### Data section
_____

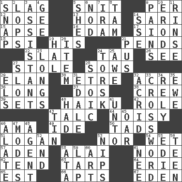 ACROSS 1. Volcanic refuse 5. In a ____ (agitated or irritated) 9. For each 12. Characteristic smell of wine 13. Israeli folk dance 14. Indian skirt 15. Domed church section 16. Dutch treat 17. The Jewish people; Israel 18. Air pressure measure (abbr.) 19. Part of HMS, perhaps 21. Depends 22. Narrow board 24. The 19th letter of the Greek alphabet 26. Observe 27. Fur scarf 28. Sty mamas 29. Flair 30. Distance measurement (Brit.) 32. Measure of real estate 36. Protracted 37. Two (Sp.) 38. Group working together 39. Arranges properly for use 40. Japanese poetic form 42. Hero or heavy, e.g. 43. Baby powder 44. Annoyingly loud 46. Housemaid (var.) 49. Binary compound 50. Small amounts or degrees 51. Utah city north of Ogden 53. And not 54. Soggy 57. Arabian gulf 58. Mountain range southwest of Kyrgyzstan 61. Thickened enlargement 62. Watch over 63. Canvas cover 64. 4th largest of the Great Lakes 65. Eastern Standard Time (abbr.) 66. Tenement units (abbr.) 67. Paradise DOWN 1. Fastener 2. Chops off 3. Helper 4. Turn to the right 5. "______ My Girl" (Turtles hit) 6. Lower and raise head in agreement 7. Lyricist Gershwin 8. Scottish cap 9. Aches 10. Wear away 11. Wash lightly 14. Compass dir. 19. Actor Linden 20. A whole individual unit 21. Fluid product of inflammation 23. Yearns 24. Cod relative 25. Deep reverence 27. _ gin 28. Unemotional 29. Raised railways 31. Peak District village in England 32. Sour-tasting 33. What you're doing now 34. Depend 35. She-sheep 40. Possessed 41. To (old English) 43. Shallow baking pan 45. Boat paddle 46. Having winglike extensions 47. Methods 48. Rep 52. Also 53. Cuts off 55. Singer Brickell 56. Adolescent 58. _ moment's notice (2 wds.) 59. Pet locale 60. Tate display 61. Born
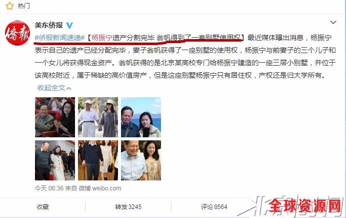 7月7日,一则关于“杨振宁遗产分割完毕,翁帆得到了一套别墅使用权”的消息在网上疯传,其称翁帆获得一座别墅的使用权,杨振宁与前妻子的三个儿子和一个女儿将获得现金资产。
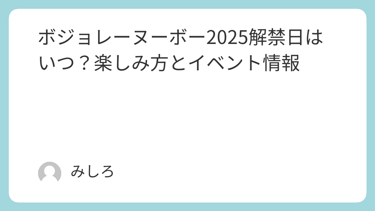 この記事は、ボジョレーヌーボー2025の解禁日や楽しみ方、イベント情報について詳しく解説します。

_____

### Exercise aim
Once the pictures are set aside, give the listing again word for word.

### Final answer
 ACROSS 1. Volcanic refuse 5. In a ____ (agitated or irritated) 9. For each 12. Characteristic smell of wine 13. Israeli folk dance 14. Indian skirt 15. Domed church section 16. Dutch treat 17. The Jewish people; Israel 18. Air pressure measure (abbr.) 19. Part of HMS, perhaps 21. Depends 22. Narrow board 24. The 19th letter of the Greek alphabet 26. Observe 27. Fur scarf 28. Sty mamas 29. Flair 30. Distance measurement (Brit.) 32. Measure of real estate 36. Protracted 37. Two (Sp.) 38. Group working together 39. Arranges properly for use 40. Japanese poetic form 42. Hero or heavy, e.g. 43. Baby powder 44. Annoyingly loud 46. Housemaid (var.) 49. Binary compound 50. Small amounts or degrees 51. Utah city north of Ogden 53. And not 54. Soggy 57. Arabian gulf 58. Mountain range southwest of Kyrgyzstan 61. Thickened enlargement 62. Watch over 63. Canvas cover 64. 4th largest of the Great Lakes 65. Eastern Standard Time (abbr.) 66. Tenement units (abbr.) 67. Paradise DOWN 1. Fastener 2. Chops off 3. Helper 4. Turn to the right 5. "______ My Girl" (Turtles hit) 6. Lower and raise head in agreement 7. Lyricist Gershwin 8. Scottish cap 9. Aches 10. Wear away 11. Wash lightly 14. Compass dir. 19. Actor Linden 20. A whole individual unit 21. Fluid product of inflammation 23. Yearns 24. Cod relative 25. Deep reverence 27. _ gin 28. Unemotional 29. Raised railways 31. Peak District village in England 32. Sour-tasting 33. What you're doing now 34. Depend 35. She-sheep 40. Possessed 41. To (old English) 43. Shallow baking pan 45. Boat paddle 46. Having winglike extensions 47. Methods 48. Rep 52. Also 53. Cuts off 55. Singer Brickell 56. Adolescent 58. _ moment's notice (2 wds.) 59. Pet locale 60. Tate display 61. Born
 7月7日,一则关于“杨振宁遗产分割完毕,翁帆得到了一套别墅使用权”的消息在网上疯传,其称翁帆获得一座别墅的使用权,杨振宁与前妻子的三个儿子和一个女儿将获得现金资产。
 この記事は、ボジョレーヌーボー2025の解禁日や楽しみ方、イベント情報について詳しく解説します。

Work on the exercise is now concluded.